Give the lines again exactly as they appear below, from the line with "Admirable Yellow Green" to the line with "I am, of course, referring", both included, and only those lines. Leave every picture out.

Data items
-- Opening Marker --

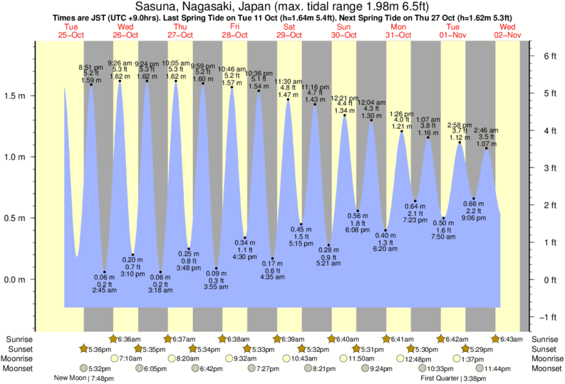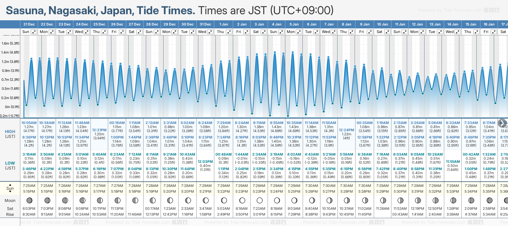 Tide Times are JST (UTC +9.0hrs). Last Spring High Tide at Sasuna was on Sat 06 Dec (height: 1.53m 5.0ft). Next high Spring Tide at Sasuna will be on Mon 22 Dec (height: 1.28m 4.2ft).
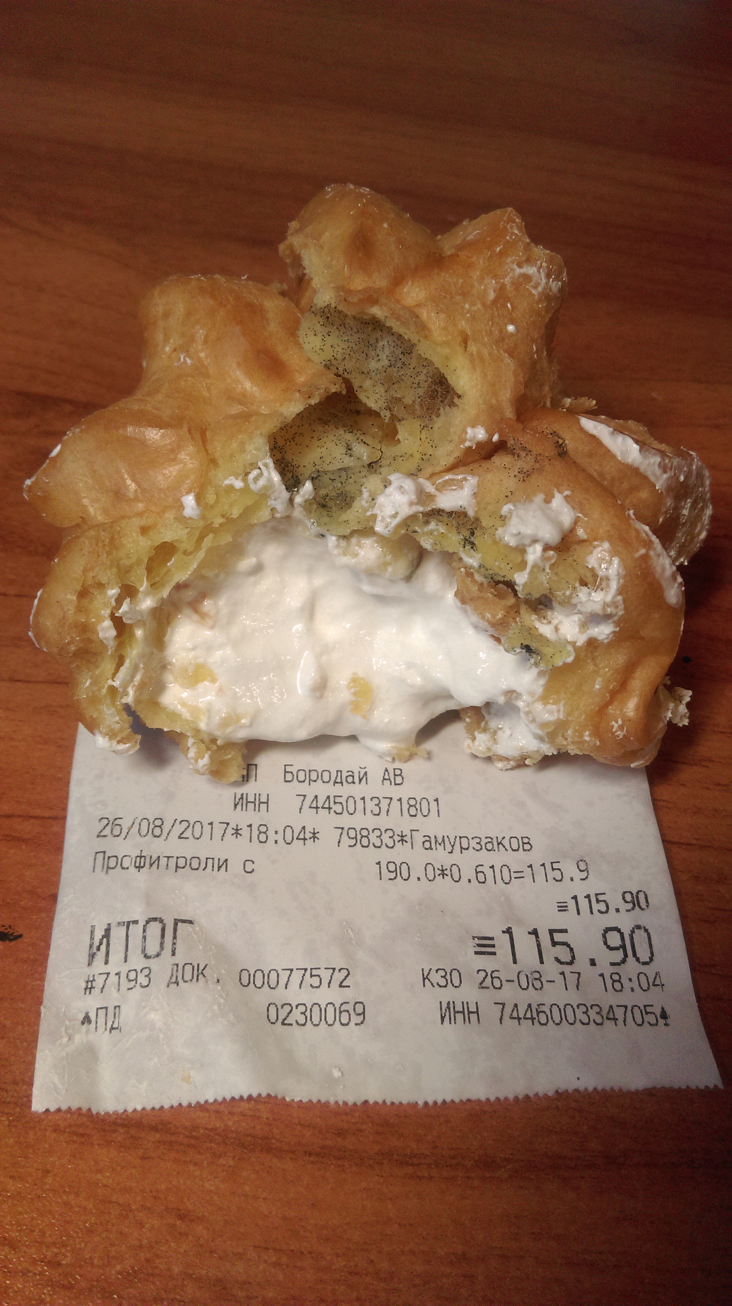 Здравствуйте, хочу написать негативный отзыв ! На центральном рынке (с лева от центрального входа), сегодня купила профитроли "свежайшие" (по уверению продавца). Продавец сказала что это не первый случай у них с профитролями что и вчера была жалоба от покупателей....... и это не их вина а кондитеров!!!!!!! Очень удивлена я, что, получается ответственность за некачественный товар никто не несет....... Это хорошо что первую профитролю взял муж а не ребенок, и увидел ПЛЕСЕНЬ. Это я предполагаю, что профитроли даже не вчерашние. ОЧЕНЬ РАЗОЧАРОВАНА!!!!!! ОЧЕНЬ НАДЕЮСЬ ЧТО БУДУТ ПРИНЯТЫ МЕРЫ.
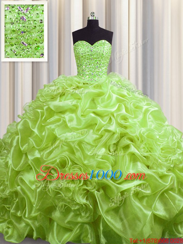 Admirable Yellow Green Quince Ball Gowns Military Ball and Sweet 16 and Quinceanera and For with Beading and Pick Ups Sweetheart Sleeveless Court Train Lace Up
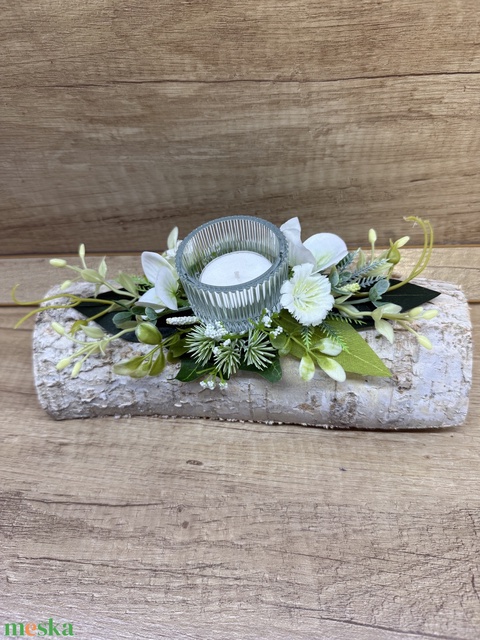 - Anyag/Összetevő selyemvirágok, zöldnövények, mécses, farönk
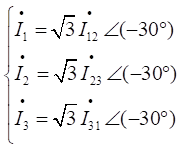 當(dāng)三相對稱負(fù)載做△聯(lián)結(jié)時,線電流也是對稱的,其有效值為相電流有效值的倍,其相位比相應(yīng)的相電流滯后30°,即
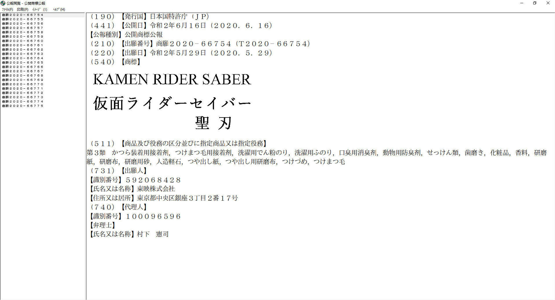東映株式会社により「KAMEN RIDER SABER / 仮面ライダーセイバー/聖刃」が商標登録出願されていることが、公開商標公報から明らかになりました。出願番号は2020-66754~2020-66775です。 pic.twitter.com/lsG586Nlzz
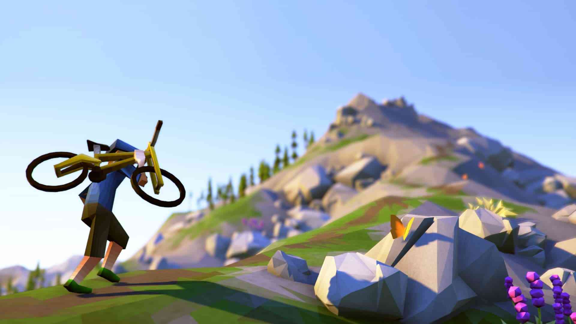 I am, of course, referring to the cycling. There’s enough resistance, reaction, and regular feedback to make every path feel distinct, every action feel real. Is this anything like actually cycling down a treacherous mountain path? Not at all! But the game feel succeeds in taking you to that world with laser-guided precision. I’m not sure how, but the act of cycling downhill taps into some primal childhood fantasy. Something about exploring an untamed wilderness with a bike feels very much like a childhood dream explored in generous detail.
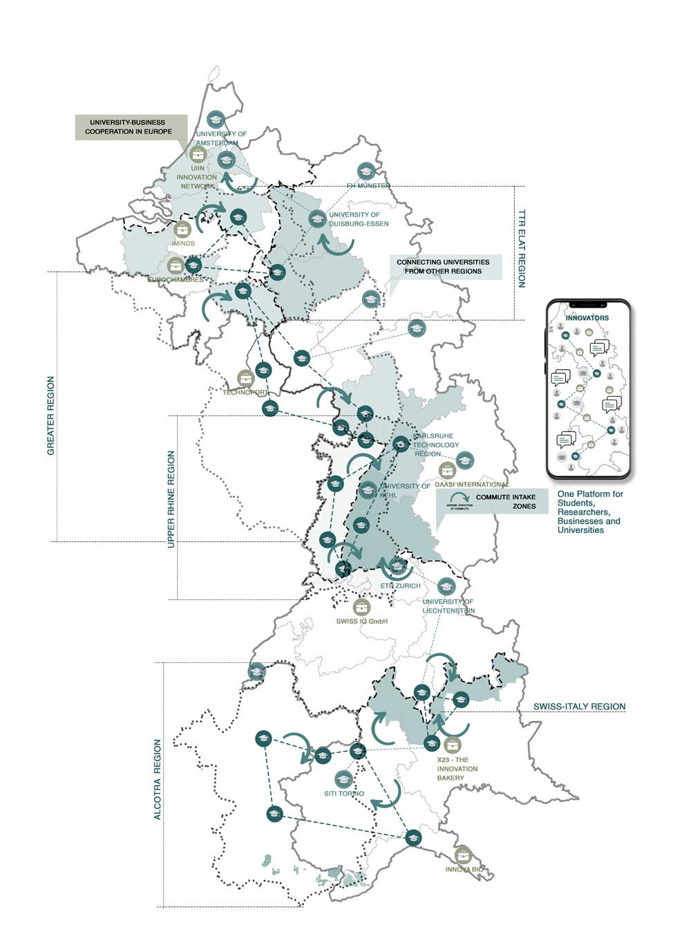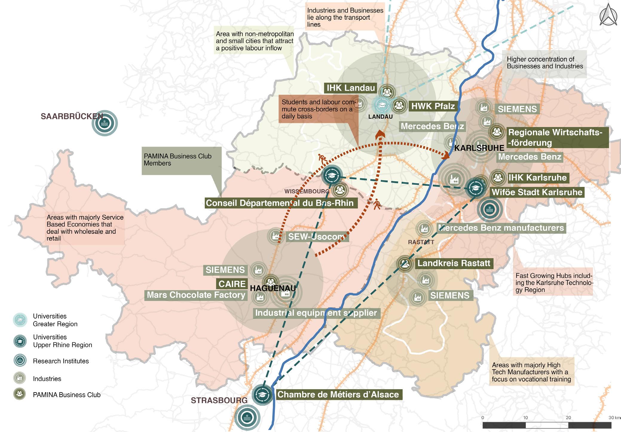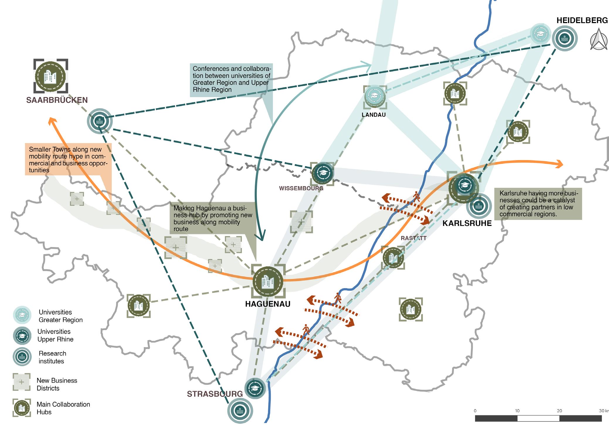 Since Karlsruhe has the most businesses, it could be a catalyst for creating partners in low commercial regions. The educational strategies would enable conferences and collaborations between universities of Greater Region and Upper Rhine Region.

-- Closing Marker --

Problem solution:
 Admirable Yellow Green Quince Ball Gowns Military Ball and Sweet 16 and Quinceanera and For with Beading and Pick Ups Sweetheart Sleeveless Court Train Lace Up
 - Anyag/Összetevő selyemvirágok, zöldnövények, mécses, farönk
 當(dāng)三相對稱負(fù)載做△聯(lián)結(jié)時,線電流也是對稱的,其有效值為相電流有效值的倍,其相位比相應(yīng)的相電流滯后30°,即
東映株式会社により「KAMEN RIDER SABER / 仮面ライダーセイバー/聖刃」が商標登録出願されていることが、公開商標公報から明らかになりました。出願番号は2020-66754~2020-66775です。 pic.twitter.com/lsG586Nlzz
 I am, of course, referring to the cycling. There’s enough resistance, reaction, and regular feedback to make every path feel distinct, every action feel real. Is this anything like actually cycling down a treacherous mountain path? Not at all! But the game feel succeeds in taking you to that world with laser-guided precision. I’m not sure how, but the act of cycling downhill taps into some primal childhood fantasy. Something about exploring an untamed wilderness with a bike feels very much like a childhood dream explored in generous detail.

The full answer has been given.